I spent the entire evening missing him. Cory and I went out to dinner and I found myself daydreaming about spending time with Chase and scrolling through my phone to look at pictures of him (I may be a little obsessed with my child but that is only because I don’t have hobbies, or a social life, or boundaries). Sometimes I wonder what I ever talked about before Chase. Probably nothing important.
On Saturday we met Cory’s parents and Chase at a softball tournament. I envisioned Chase waiting for me as we drove up to the softball field and running in my direction with his arms wide open ready to give me a gigantic hug all while spouting out how much he missed his beloved mother (I may watch a little too many Lifetime movies). But that was not the welcome I received.
As Cory’s parents pulled up to the field I waited by the car door to greet my little nugget, but he was fast asleep (I’m sure he was so very exhausted from missing me and couldn’t keep his eyes open any longer). As I got him out of his car seat he woke up and I thought to myself, great- now he can tell me how much he missed me. But instead, 1 millisecond after he opened his eyes he stuck out his tiny little hands, made his fingers into little pinchers and yelled “Titty twister.” Yes, that’s right. Chase’s uncle Brent taught him how to do titty twisters in my absence. Not so much the greeting I was looking for…. Please wish me luck in explaining this one to daycare.

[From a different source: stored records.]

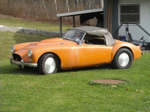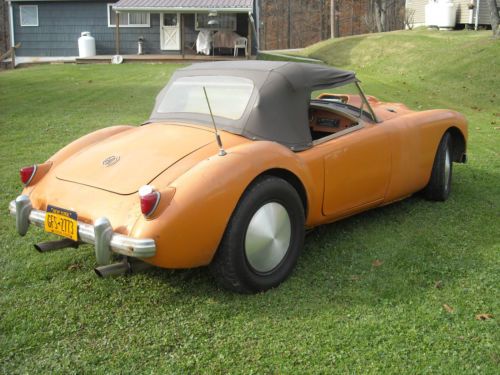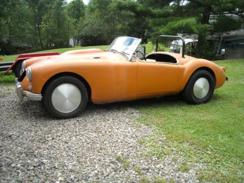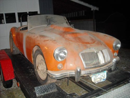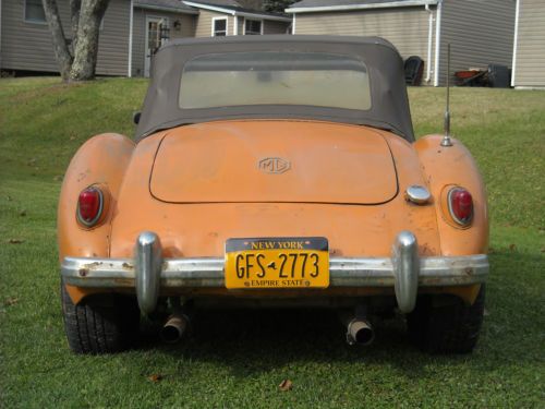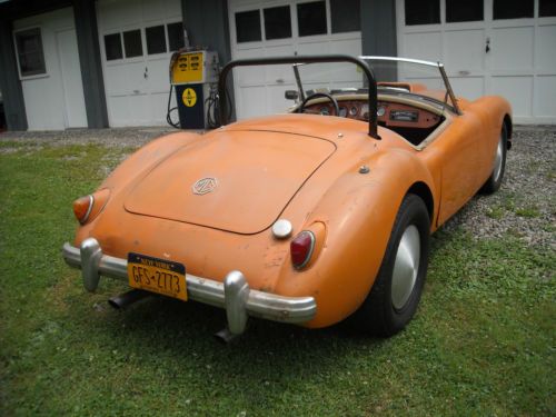 up for sale is my 1957 MGA roadster....I found it in a barn two years ago and after making it streetable, I now am selling the car... it is powered by a small block chevy engine 305 cu in- heads redone, 340hp 327 solid lifter cam, performer intake new edelbrock 4 bbl carb, most all engine parts were new, but were sitting for many years, but all perform as new or were replaced....it has a rebuilt 5 core copper radiator, electric cooling fan, ALL gauges work correctly, ALL lights inc turn signals work correctly, has working E brake, new tires, new brakes, new master cylinder, has hydraulic clutch release system, rack and pinion steering... complete new aluminized exhaust system w/ cherry bomb mufflers....4 lug steel wheels on front, front disc brakes/rear drum brakes... 5 on 5 1/2 ford steel wheels on the rear, new hurst shifter...the trans is a close ratio 4 speed - I was told it was an m22, but I cannot verify this unless I take the side cover off and I will let the new owner do this - it certainly IS close ratio and has the sound like an m22 gearing makes....the rear I was told was a 3.00 ratio, but again, I cannot verify this other than to say, it comes off the line good and has lots of power all thru the gears and pulls hard in 4th gear - this car will give a real cobra a run for her money!....the interior is a brown patchwork leather with beige trim, it had shag carpets which I removed to inspect the floorboards and threw the rug away - the floor is mainly plywood and is in great shape as is the metal around them the wiring is well done and not a rats nest - originally when built in the 60's, the car was powered by a 390 ford w/top loader which was replaced in the 90's with the current driveline and then put into another garage - in total, the car has seen maybe 2 years on the road - one of which I put on it this past year with NO troubles at all....it still has the am/fm cartridge player in it from the 60's... the interior was further modified in the 2000's with a new roll bar assy and steel tunnel - both professionally installed - this year I modified the roll bar so the convertible top could be used - down, it stores behind the seats out of the way....the front end has been stabilized with the addition of tubular supports to the firewall and the roll cage is affixed to the frame and in the trunk area frame as well...the top is in good condition with a foggy rear window - maybe it could be buffed more to allow better visibility....the top fits nice and tight and I made a removeable steel bracket to keep it tight to the center of the windshield frame as well...the body is very solid with no rust...little body filler....some dings and dents that I did not remove - I cleaned the hood and that was it....the front grille opening was modified - resembles a cobra to some extent - the car has adequate air intake and runs kool in the summer....the farthest I have driven in one clip is about 150 miles and then returned home the same day - the car rides pretty good too - better than my own hotrod roadster!... the car is NYS inspected - yes even the wipers work!...I love driving this car - it is fast, sounds good, and is dependable and with the top down in the summer looks great too....the trunk area is also, rust free and solid as a rock....some body work and its done, or drive it like it is and have a blast - looking to sell to complete another project ...I will ship anywhere in the world, but make sure if you bid from out of the country, you have a way to either come here and pay with cash, or do a secure bank wire transfer!!! - otherwise, do not bid!....I have a good shiping company for out of country sales, but if buying within the USA, you pick up or get your own shipper to get the car.....500 dollar deposit due within 2 days after sale is complete!!!...any other questions, please email...........................buy it now and get it first at this low price - needs NOTHING - fit for the road as-is!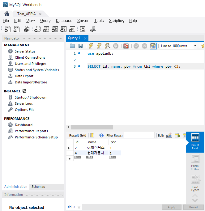 위의 부분을 Query하면 다음과 같은 결과가 나타납니다.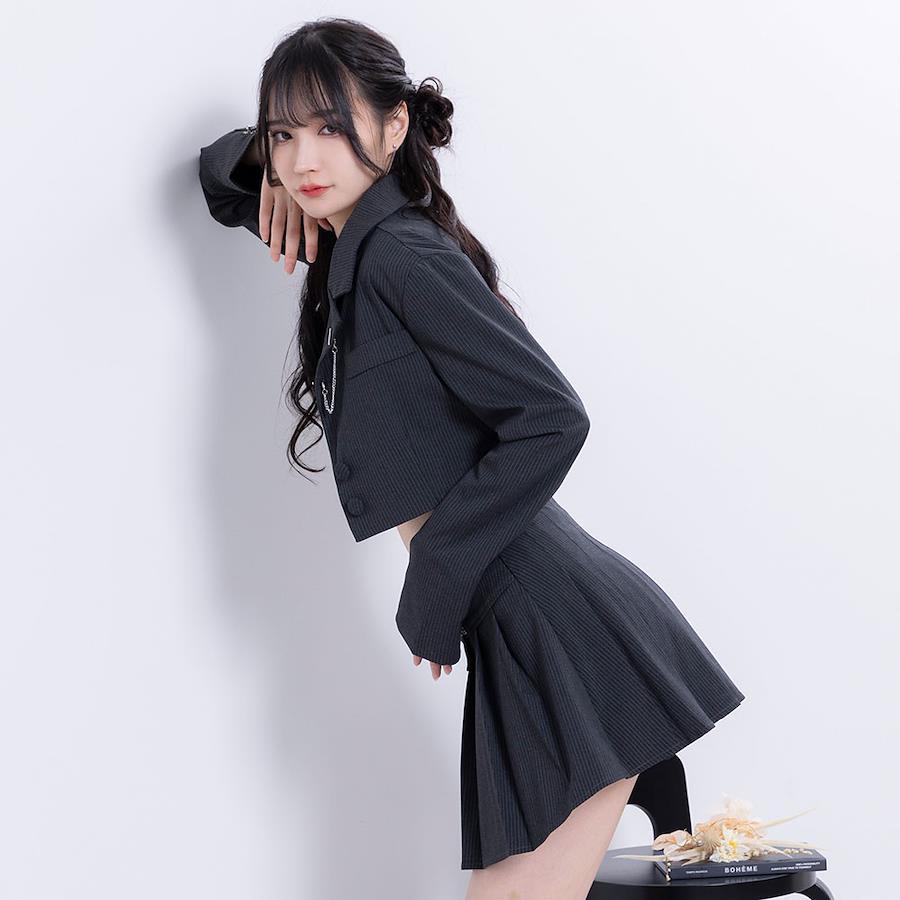 ブラックは柔らかいカットソー素材、ピンストライプはややハリ感があります。</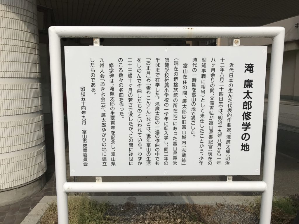 また、横の案内板には、〝滝廉太郎の一連の作品の中でも「お正月」や「雪やこんこん」などは、後年富山の生活をしのんで作曲したものといわれている。〟と紹介されています。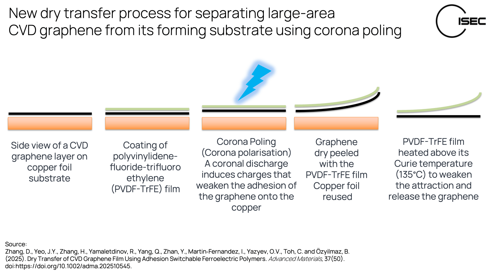 The team is now working on a continuous manufacturing process for this dry transfer process. This corona poling method promises to speed up the manufacturing bottleneck of separating graphene from its substrate without contamination and damage. It will also reduce the cost of production of CVD graphene because the copper foil substrate is being re-used. This work is being developed by the team in Singapore to make monolayer graphene for consumer electronics such as flexible touchscreens.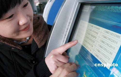2月21日,中國移動3G手機“188”號段放號進入第二天,北京市民在營業(yè)廳內(nèi)的自動終端前挑選自己滿意的手機號碼。2月20日起北京移動正式對188號段進行放號,188號段SIM卡是特別針對3G終端,只能在移動3G終端上使用,北京的手機用戶開始進入了3G時代。中新社發(fā) 鄭雄增 攝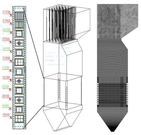 In order to increase the accuracy of the numerical calculation, the boiler was divided into the bottom ash hopper area, the main burner area, the burnout area on the upper part of the furnace, and the platen superheater area, and a grid was drawn for each area. To eliminate pseudo-diffusion in the numerical calculation, the grids for the main combustion area and the nozzle area were densified, as shown in Figure 3. After several cold-state calculations, the final number of the grid elements was .

All of this "titty" talk reminds me of a story about my cousin’s little boy, Rylee (I know what you're thinking- who has two stories about titties? Sadly, I do). When Rylee was younger he pronounced “K” as a “T.” You may think, oh that’s no big deal. But when you are talking about kitties it is… this was what he said while talking about “kitties”:
Rylee (to my aunt Jenny): “I like little titties, I like big titties, I even like your titties.”
Rylee (to me): "You don't have any titties."
It's nice to know he doesn't discriminate.